## What you are asked to do
Starting with the line with "연기된다는 공지가 올라왔습니다." in the entries below and going on through the line with "g−1,循环25,000次后仍保持135.58 mAh g−1,容量保持率高达84%。", output every line exactly and nothing more. No pictures.

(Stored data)
BEGIN

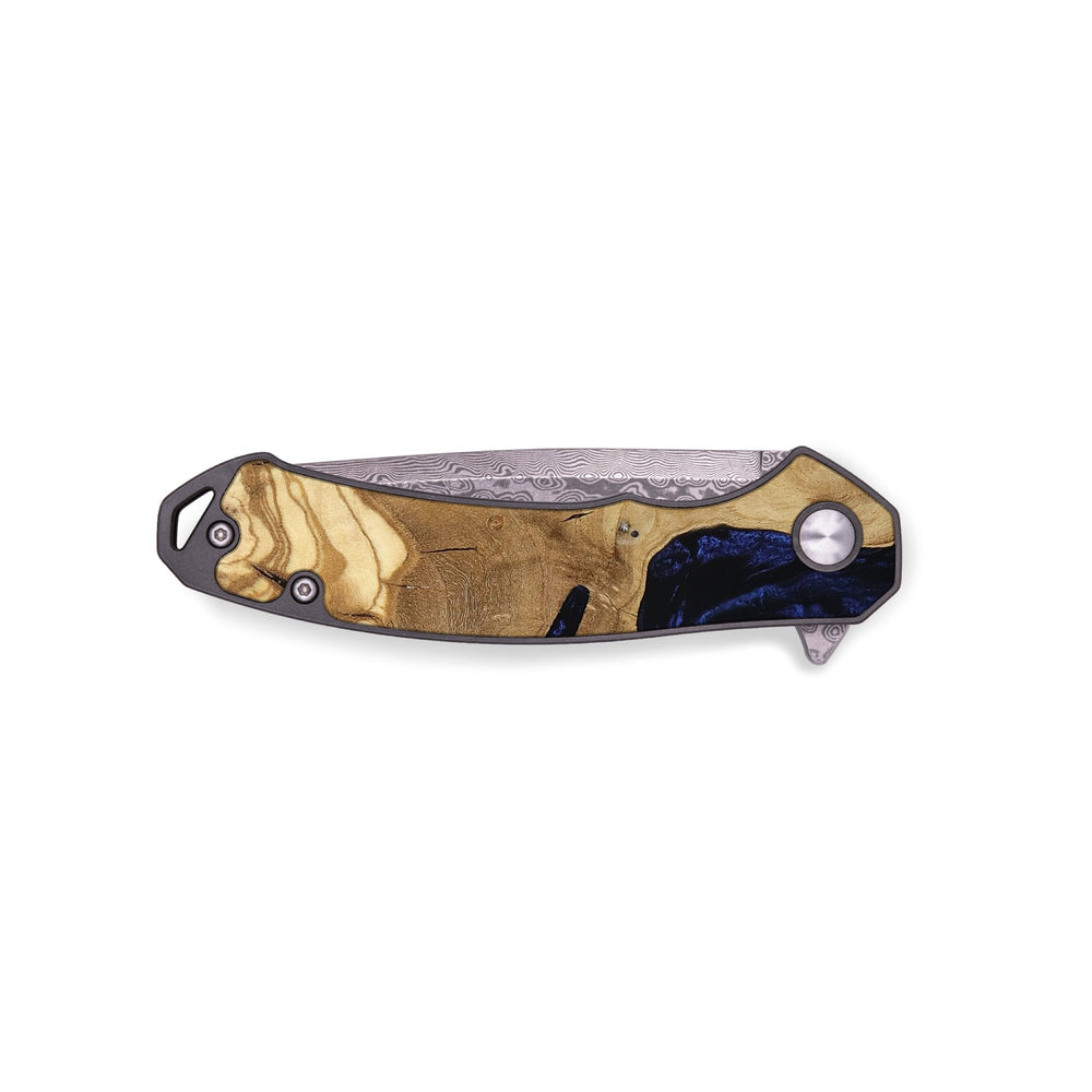 Experience the perfect blend of form and function with our durable folding pocket knife, featuring a lightweight titanium handle. The Damascus stainless steel blade is complemented by a unique wood burl and resin inlay. Imported blade and handle.
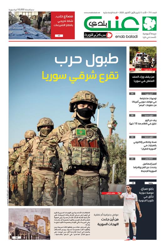 الرئيسية > أعداد الجريدة عنب بلدي – العدد 711 – الأحد 5 تشرين الأول 2025 2025/10/05 11:58 ص أعداد الجريدة, الجريدة المطبوعة enab_get_authors_shortcode مقالات متعلقةإصابة خمسة مدنيين بقصف في ريف حلب الغربيموسكو تستدعي السفير الإسرائيلي عقب إسقاط طائرتها في سورياأحمد البياسي.. نجا من مجزرة "البيضا" ثم اعتقل واختفىاختبار لهجة التهجير أعداد الجريدة عنب بلدي – العدد 710 – الأحد 28 أيلول 2025 عنب بلدي – العدد 709 – الأحد 21 أيلول 2025 عنب بلدي – العدد 708 – الأحد 14 أيلول 2025 المزيد من أعداد الجريدة
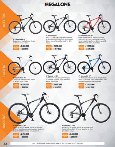 GT Agressor 2.0 26” Aro 26”. Cuadro de aluminio, 21 Vel. Horquilla: Suntour M3020 63 mm. Travel. Frenos Promax Forged Caliper mecanico. Componentes: Shimano Altus/ E. Contado Cuotas 12 x
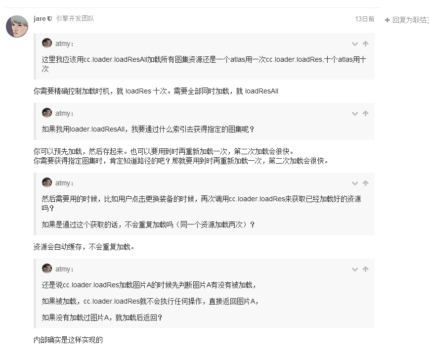 获取和加载资源文档中提到,loadScene加载场景时,所依赖到的很多Asset都会被自动加载,而loadRes和loadResAll则是动态加载, 之前我在论坛的一个帖子里面了解到,通过loadRes加载的资源会被自动缓存,一旦缓存过后,以后通过loadRes加载同一个资源,速度就会很快。
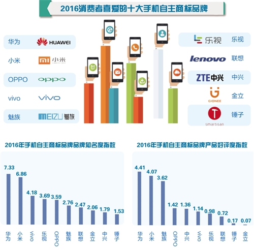 近日,中华商标协会、中国统计信息服务中心联合发布“2016年消费者喜爱的十大手机自主商标品牌”,华为、小米、OPPO位列前三,vivo、魅族、乐视、联想、中兴、金立、锤子也榜上有名。这一结果与市场反馈虽略有出入但总体一致,反映出品牌效应在消费中的“含金量”越来越高。
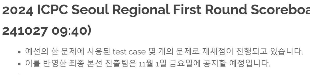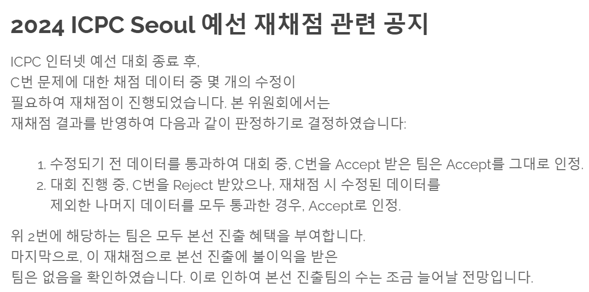 ?? C번에 AC로 제출된 분들의 풀이에 반례가 많이 있었던 것 같은 도중 맞왜틀을 주장하시는 분들이 꽤 있었고 그분들의 풀이가 저희팀의 풀이랑 거의 일치하는 것 같아서 뭔가 이상함을 느꼈고 꽤 많은 분들의 AC코드가 문제가 있다는 제보가 추가되면서 분위기는 약간 데이터오류 쪽으로 흘러가고 있었던 것 같습니다. 저희팀은 C번 문제의 정답여부가 생존과 직결되어 있었기 때문에 최후의 방법으로 코치 교수님을 통해서 다음날 ICPC 본부에 문의를 넣을 생각이였고 자고 일어나보니 아침에 예선 결과에 문제가 있어서 결과 통지가 연기된다는 공지가 올라왔습니다.
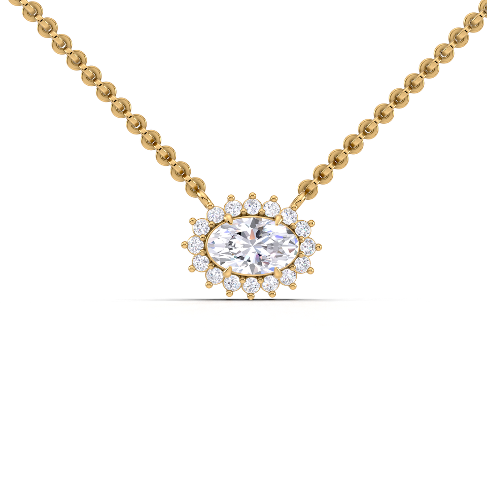 Luxury 1ct Oval Cut Lab Diamond Halo Pendant 18K Yellow White And Rose Gold Necklace for Women Wedding Jewelry
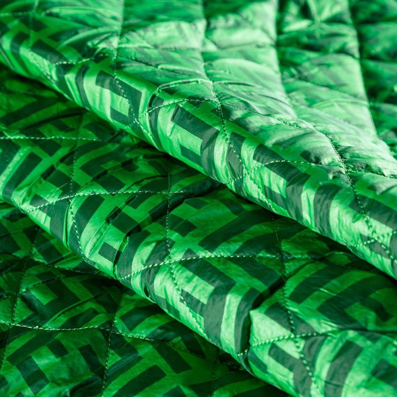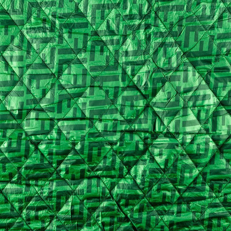 Двухслойная курточная стежка ярко-зеленого оттенка с принтом лого известного бренда, простеганная не крупными ромбами. Нижний слой - синтепон, верхний - полиэстер, по качеству напоминает болонь. Очень мягкая и легкая, пластичная, хорошо драпируется. Прекрасно подойдет для  пошива легких пальто, курток, жилетов, накидок-кейпов, комбинезонов, объемных сумок, одежды для домашних питомцев, туристического снаряжения.
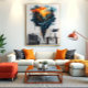 Surrealist art of a suspended forest on a floating island with vibrant sunset. Watercolor style with artistic splatters. Perfect for murals, interior decoration and posters. Bring nature and imagination to your space with this calm and inspiring work in warm and cool colors. Ideal for modern rooms.
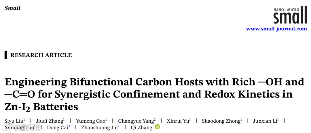 近日,来自吉林农业大学张琪博士、罗云清教授与河北北方学院金占双教授、温州大学蔡冬副教授合作,在国际知名期刊Small上发表题为“Engineering Bifunctional Carbon Hosts with Rich −OH and −C=O for Synergistic Confinement and Redox Kinetics in Zn-I2 Batteries”的观点文章。该观点文章设计并合成了一种富含羟基(−OH)和羰基(−C=O)的分级微介孔碳纳米球(MMC-Rich),用作锌碘电池正极宿主材料,并实现了明确的协同分工。具体来说,−OH通过O−H∙∙∙I键显著增强了对碘物种的化学吸附,从而抑制穿梭效应。此外,−C=O基团积极参与额外的法拉第氧化还原反应,提高电池容量。得益于这种协同机制,结合多级孔的物理限域作用,基于MMC-Rich的锌碘电池表现出优异的电化学性能,在10 A g−1高电流密度下,初始容量达160.87 mAh g−1,循环25,000次后仍保持135.58 mAh g−1,容量保持率高达84%。
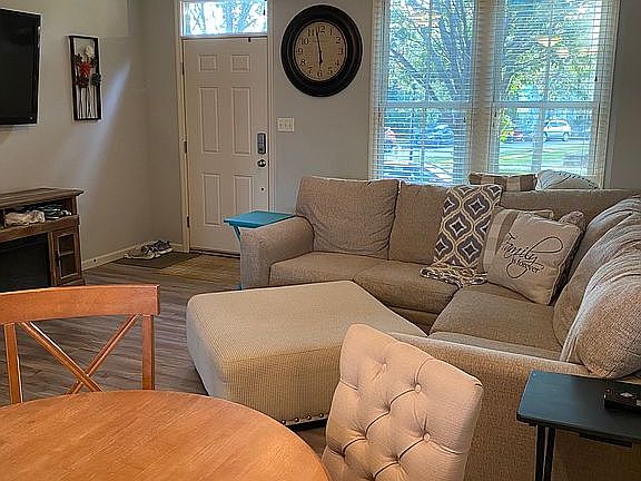 2 bed 2.5 bath rowhouse. One car garage. Triangle park common ground across the street and an easy walk to the pool. Updated flooring and appliances. Furnace and roof replaced less than two years ago. Unfinished basement with rough in.
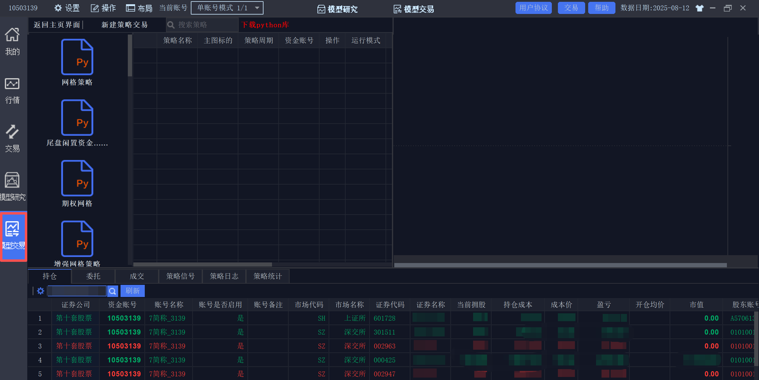 当你的策略通过回测验证后,就可以在“模型交易”模块中让它投入实战了。
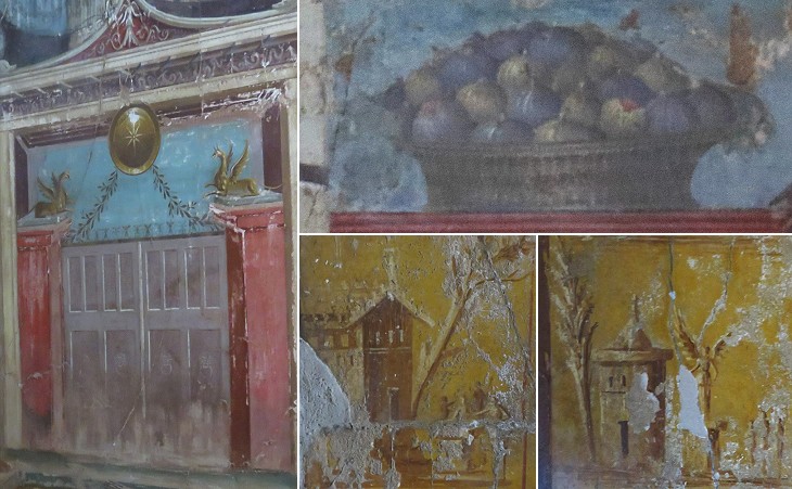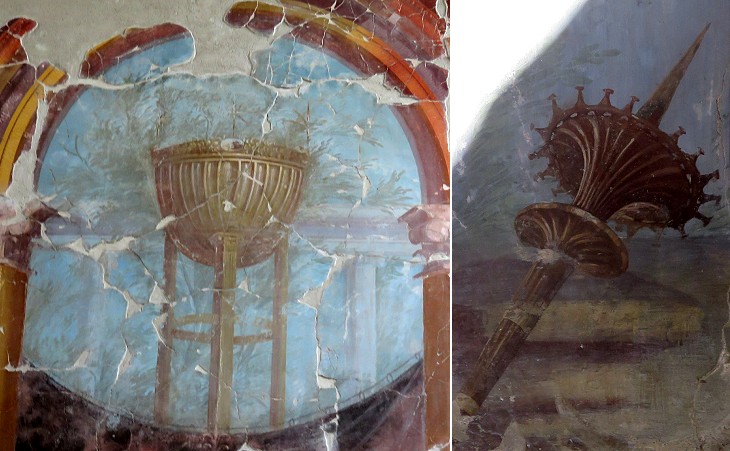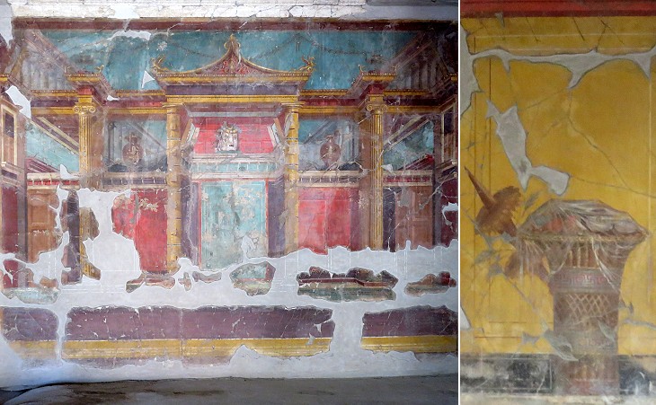 Small room between the atrium and the southern peristyle and a detail of its decoration; the roof at the centre of the fake architecture has a rather Chinese appearance
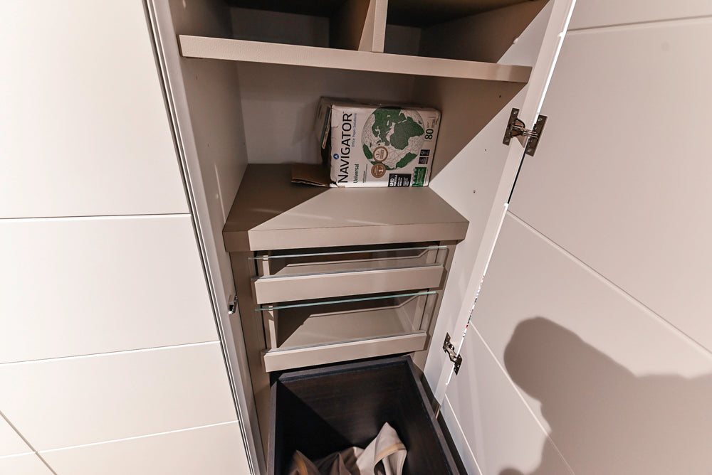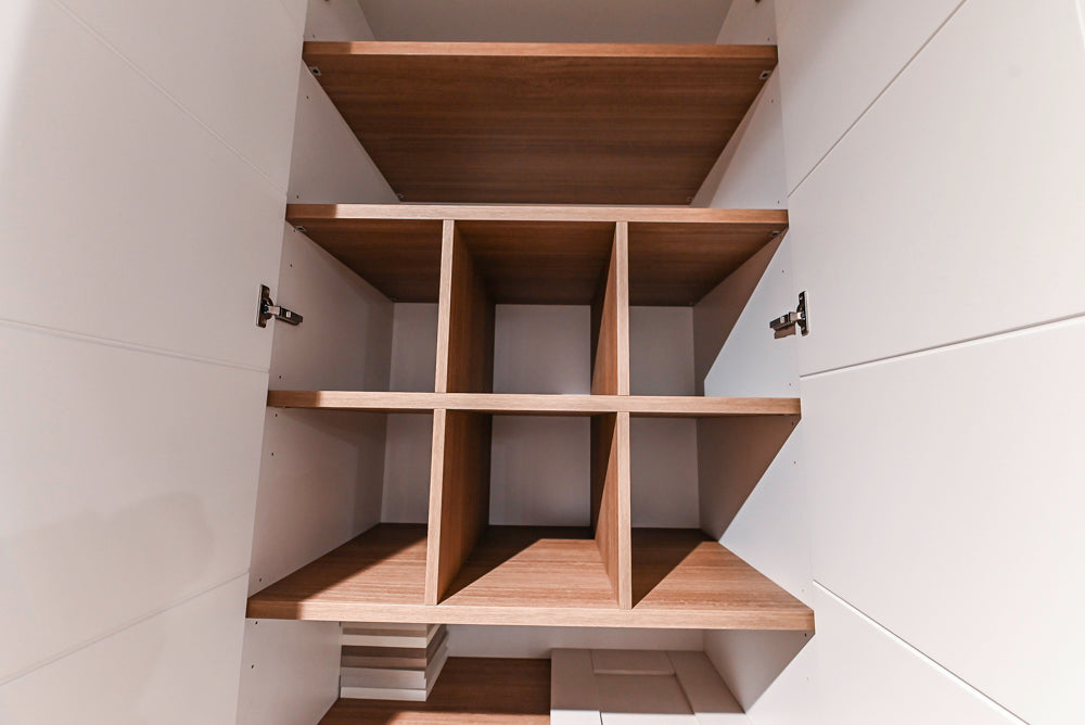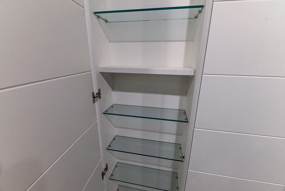 The spacious vanity offers generous counter space and integrated cabinetry, while the coordinating wardrobe system provides ample room for linens, accessories, and essentials.

END

## Result
 ?? C번에 AC로 제출된 분들의 풀이에 반례가 많이 있었던 것 같은 도중 맞왜틀을 주장하시는 분들이 꽤 있었고 그분들의 풀이가 저희팀의 풀이랑 거의 일치하는 것 같아서 뭔가 이상함을 느꼈고 꽤 많은 분들의 AC코드가 문제가 있다는 제보가 추가되면서 분위기는 약간 데이터오류 쪽으로 흘러가고 있었던 것 같습니다. 저희팀은 C번 문제의 정답여부가 생존과 직결되어 있었기 때문에 최후의 방법으로 코치 교수님을 통해서 다음날 ICPC 본부에 문의를 넣을 생각이였고 자고 일어나보니 아침에 예선 결과에 문제가 있어서 결과 통지가 연기된다는 공지가 올라왔습니다.
 Luxury 1ct Oval Cut Lab Diamond Halo Pendant 18K Yellow White And Rose Gold Necklace for Women Wedding Jewelry
 Двухслойная курточная стежка ярко-зеленого оттенка с принтом лого известного бренда, простеганная не крупными ромбами. Нижний слой - синтепон, верхний - полиэстер, по качеству напоминает болонь. Очень мягкая и легкая, пластичная, хорошо драпируется. Прекрасно подойдет для  пошива легких пальто, курток, жилетов, накидок-кейпов, комбинезонов, объемных сумок, одежды для домашних питомцев, туристического снаряжения.
 Surrealist art of a suspended forest on a floating island with vibrant sunset. Watercolor style with artistic splatters. Perfect for murals, interior decoration and posters. Bring nature and imagination to your space with this calm and inspiring work in warm and cool colors. Ideal for modern rooms.
 近日,来自吉林农业大学张琪博士、罗云清教授与河北北方学院金占双教授、温州大学蔡冬副教授合作,在国际知名期刊Small上发表题为“Engineering Bifunctional Carbon Hosts with Rich −OH and −C=O for Synergistic Confinement and Redox Kinetics in Zn-I2 Batteries”的观点文章。该观点文章设计并合成了一种富含羟基(−OH)和羰基(−C=O)的分级微介孔碳纳米球(MMC-Rich),用作锌碘电池正极宿主材料,并实现了明确的协同分工。具体来说,−OH通过O−H∙∙∙I键显著增强了对碘物种的化学吸附,从而抑制穿梭效应。此外,−C=O基团积极参与额外的法拉第氧化还原反应,提高电池容量。得益于这种协同机制,结合多级孔的物理限域作用,基于MMC-Rich的锌碘电池表现出优异的电化学性能,在10 A g−1高电流密度下,初始容量达160.87 mAh g−1,循环25,000次后仍保持135.58 mAh g−1,容量保持率高达84%。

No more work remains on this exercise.